The k-means method was used to perform the analysis. The algorithm gathers the cluster points in such a way that the cumulative distance between the points and the cluster midpoint, where they are located, is minimal, but that the distance between clusters is a maximum. The square of the Euclidean distance was used as a measure of distance. The choice check details of the number of clusters is a tricky problem. The most convenient situation is when there are environmental pointers to the number of features investigated, as this will then be equal to the number of clusters formed. If such information
is unavailable, one can employ automated methods. Of 30 methods of cluster number choice analysed by Milligan & Cooper (1985), the method of Caliński & Harabasz (1974) was identified as one of the most reliable for determining the maximum of the Caliński-Harabasz index CHindex.
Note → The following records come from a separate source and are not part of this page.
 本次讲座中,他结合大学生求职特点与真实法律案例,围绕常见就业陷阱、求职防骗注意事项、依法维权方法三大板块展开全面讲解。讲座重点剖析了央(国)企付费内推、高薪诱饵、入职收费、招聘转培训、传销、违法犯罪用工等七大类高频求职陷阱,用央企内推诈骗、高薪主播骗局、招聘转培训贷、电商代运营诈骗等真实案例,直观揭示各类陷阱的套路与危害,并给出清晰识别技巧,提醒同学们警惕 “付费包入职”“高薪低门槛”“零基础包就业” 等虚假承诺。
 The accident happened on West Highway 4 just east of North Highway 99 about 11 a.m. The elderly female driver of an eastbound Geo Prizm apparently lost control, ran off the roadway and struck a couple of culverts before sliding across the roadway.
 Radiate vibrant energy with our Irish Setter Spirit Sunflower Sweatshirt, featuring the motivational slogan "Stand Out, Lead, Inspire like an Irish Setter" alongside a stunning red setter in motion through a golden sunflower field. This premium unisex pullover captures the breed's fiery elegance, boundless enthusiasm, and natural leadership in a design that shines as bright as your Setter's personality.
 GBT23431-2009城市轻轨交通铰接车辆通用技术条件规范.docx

It was defined as equation(20) CHindex=BK−1×N−KW, where N – number of all points, K – number of clusters, B – Alectinib in vivo distance between clusters and W – the distance within clusters. The magnitudes of B and W are obtained as follows: equation(21) B=∑k=1Knk||zk−z||2,W=∑k=1K∑i=1nk||xi∈k−zk||2,
where nk – number of points in cluster k, zk – position of the centre of cluster k, z – position of the centre of all points, xi∈ k – the i-th point located in cluster k, and || || is the distance norm ( Maulik & Bandyopadhyay 2002). Ray & Turi (1999) derived another method of determining cluster numbers. Their index makes direct use of the BCKDHB cluster assumption choice and is defined as follows: equation(22) IIindex=intraintra=N−1∑k=1K∑i=1nk||xi∈k−zk||2min||zi−zj||2,
where ‘intra’ is the mean distance between the points and the centre of the cluster containing them, while ‘inter’ is the minimum distance between the clusters. In these cases the number of clusters involves finding the maximum of CHindex or minimum of IIindex. Both indices were determined for numbers of clusters from 2 to 20 in all the cases analysed (Figure 9). In general CHindex decreases and IIindex increases with increasing numbers of clusters. Despite the many deviations from the above trend for both indices it was difficult to define the cluster number. A small number of clusters was found to be the most appropriate. To identify the maximum number of clusters, the total distance between the points and each cluster centre (where they are located) was defined: equation(23) WK=∑k=1K∑i=1nk‖xi∈k−zk‖2. By analysing the WK – WK − 1 dependence ( Figure 9), on the assumption that the value must not be too high, 6 was chosen as the most appropriate value. Cluster analysis was performed for two to six clusters for deviation types MV, LT, ST separately and for all the types. In order to assign a specific cluster to a seabed morphological type, the results for the example profile were analysed first.